PORTLAND, Ore.—Exascale supercomputers running a thousand times faster than today's petaflop machines will require newer performance measures, according to Sandia National Laboratories, which announced a 30 member committee effort to define a new standard with Intel, IBM, AMD, NVIDIA, and Oracle. Called Graph 500, a preliminary specification has already been made available to supercomputer makers for testing.
Graph 500 differs from the traditional Linpack by testing a supercomputer's skill at using graph theory to analyze the output streams from simulations in biological, security, social and similar large-scale problems. Graph 500 not only measures the traditional number crunching ability of supercomputers, but also their ability to shuttle around the very-large data sets represented by future supercomputers like those being addressed by the U.S. Department of Energy's exascale supercomputer initiative.
"Today's Linpack benchmark focuses on compute-intensive work, but we are looking at data intensive things," said Sandia researcher Richard Murphy.
The major problem today with very-large data sets is automating their analysis, which can sometimes take months longer than the actual collection and processing of the data. The theory is that the analysis of very-large simulations requires relatively simple calculations performed on select elements found in sparsely populated arrays representing huge numbers of participants. A three-tiered architecture is being proposed to partition the benchmarking problem into parallel executing graphs structures—one kernel handles linking sets of related members while a second performs parallel searches for the most relevant results from these graphs. And a third kernel is in the works.

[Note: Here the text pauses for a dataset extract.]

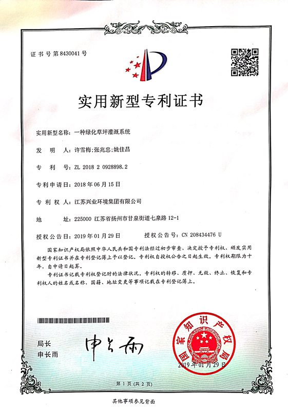 2019实用新型专利(一种绿化草坪灌溉系统)

Synthetic graph was generated by a method called Kronecker multiplication. Larger versions of this generator, modeling real-world graphs, are used in the Graph500 benchmark. (Courtesy of Jeremiah Willcock, Indiana University)
"The goal is to have some influence over how industry puts together supercomputers," said Murphy. "The shift to multicore processor architectures really is stressing the existing programming model. In ten years we will have a very different way of thinking about how the machine works," he said.
Typical problems amenable to analysis by graph theoretic means include cybersecurity, medical informatics, data enrichment, social- and symbolic-networks. For instance, cybersecurity routinely requires full scans of data sets with as many as 15 billion log entries per day. Medical informatics routinely analyses up to 50 million patient records requiring resulting in billions of items. Data enrichment applications, such as maritime domain awareness, can include hundreds of millions of individual transponders on tens of thousands of ships and tens of millions of individual cargo containers. Social and symbolic networks include petabyte sized data sets—for instance, the human cortex has 25 billion neurons each with approximately 7,000 connections.